The Shenzhen Stock Exchange. Photo: Wikimedia Commons/Stang

The Chinese government will push the reform of the Shenzhen stock exchange’s growth enterprise market (GEM) board and launch a pilot registration system for listing candidates.

The latest moves were aimed at deepening the reform, improving the fundamentals and enhancing the functions of the capital market.

The announcement came after a meeting of the Central Comprehensively Deepening Reform Commission, chaired by Party Secretary Xi Jinping, on Monday.

China will create a standardized, transparent and open capital market and push forward the fundamental reforms of issuance, listing, information disclosure, trading and delisting systems of the GEM board.

In the past, it was very difficult to list and delist a company on the GEM board. After the reforms, the procedures to list and delist a company will be simplified. Earnings requirements for GEM companies will also be loosened as these new businesses usually have a long investment period.

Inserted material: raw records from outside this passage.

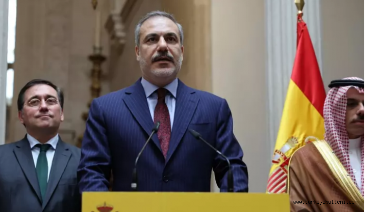Bakan Fidan, İspanya'nın Filistin devletini tanıma kararı vesilesiyle ilettiği davet çerçevesinde, İslam İşbirliği Teşkilatı (İİT) ve Arap Birliğinin oluşturduğu Gazze Temas Grubu üyeleriyle İspanya Başbakanı Pedro Sanchez ile Madrid'de bir araya gelmesinin ardından düzenlenen ortak basın toplantısında konuştu.
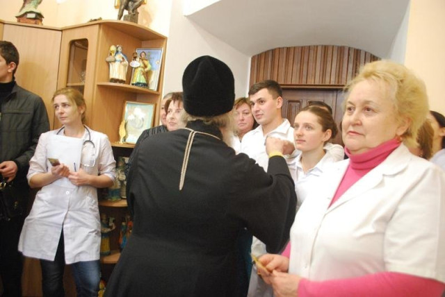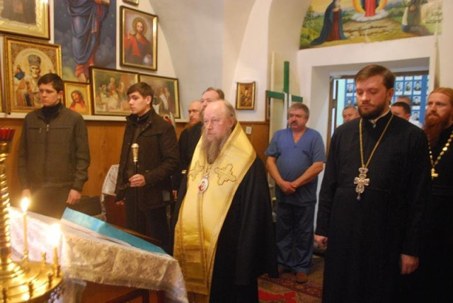 У госпітальному храмі владика Нафанаїл відслужив молебень за здоров'я пацієнтів та медичного персоналу. Йому співслужили секретар Волинської єпархії УПЦ протоієрей Валентин Марчук. Голова єпархіального інформаційно-просвітницького відділу протоієрей Валентин Мачрук, настоятель госпітального храму протоієрей Євгеній Поліщук, ієромонах Ілля (Вишневський) та помічник владики Нафанаїла ієромонах Афанасій. У кожне з госпітальних відділень владика Нафанаїл подарував волинську ікону Богоматері. Іконки з його благословенням отримали медики закладу та його пацієнти.
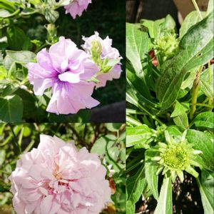 右:エキナセアの蕾出てきました‼️ヤッタァ~✨😄⤴️✨ 8月の変な長雨で元気無くなって、もうダメかと思ってました😂 左上:ペチュニア ドレスアップ ラベンダー は次々とポンポン咲いていますが、特に好きな色合いと形のを撮りました🎵 左下:満開な つるバラ レイニーブルーはとても柔らかい花びらで、モフモフふわふわで可愛いです💞
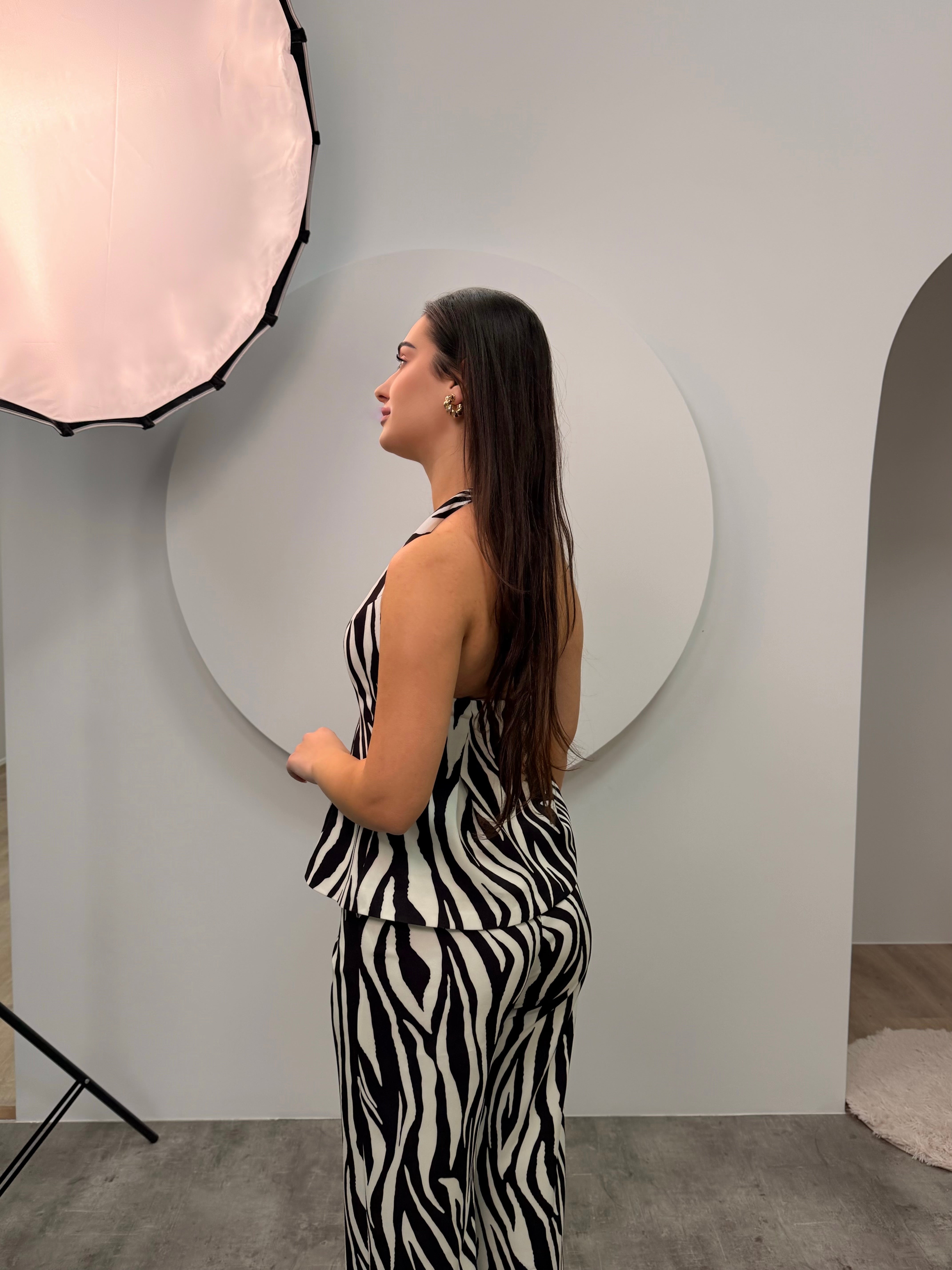 Kostum bardhe e zi me dizenjo zebre. Teper i vecante pantallona te gjera + jelek
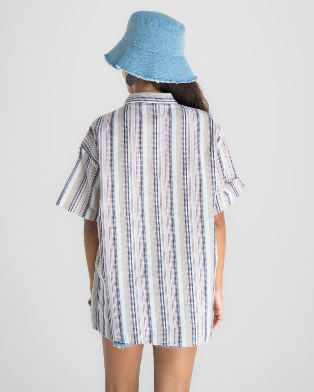 Short-sleeve button-up shirt with a relaxed fit, featuring colorful vertical stripes in a lightweight, breathable fabric! Perfect for casual, warm-weather wear.
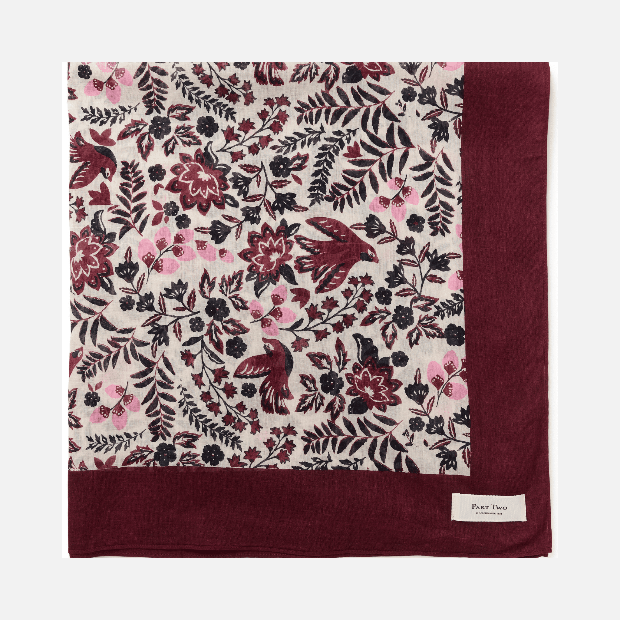 A beautifully detailed finishing touch, the Phi Scarf in Fig Bird Print by Part Two brings soft colour and delicate pattern to everyday dressing. Featuring an elegant bird and floral motif in off-white tones against a rich fig background, it adds effortless charm whether worn casually or styled with intention.
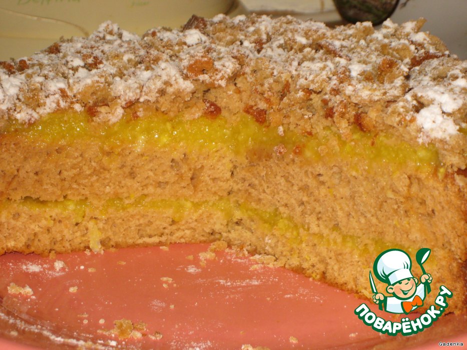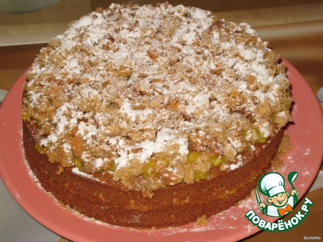 Но т.к. у меня не получилось натуральной эстетичной красоты, то верхний корж я так же смазала и выложила крошки от «выросшей горы», сверху присыпала сахарной пудрой.

A set of new rules will be released by the China Securities Regulatory Commission and the Shenzhen Stock Exchange soon.

Software industry

China’s software companies saw their combined revenue down 6.2% to 1.41 trillion yuan (US$200.09 billion) in the first quarter of this year from one year ago. The net profit of these firms fell 13.1% to 166.7 billion yuan.

The country’s software sector was hit by the Covid-19 outbreak as software companies’ revenue, profits, exports and workers’ salaries decreased significantly in the first three months of this year, according to the Ministry of Industry and Information Technology. Technical services and tendering projects were suspended due to the epidemic.

Household appliances

Total retail sales of China’s household appliances declined 35.8% to 120.4 billion yuan in the first quarter of this year from a year earlier, according to the China Electronic Information Industry Development Research Institute under the Ministry of Industry and Information Technology.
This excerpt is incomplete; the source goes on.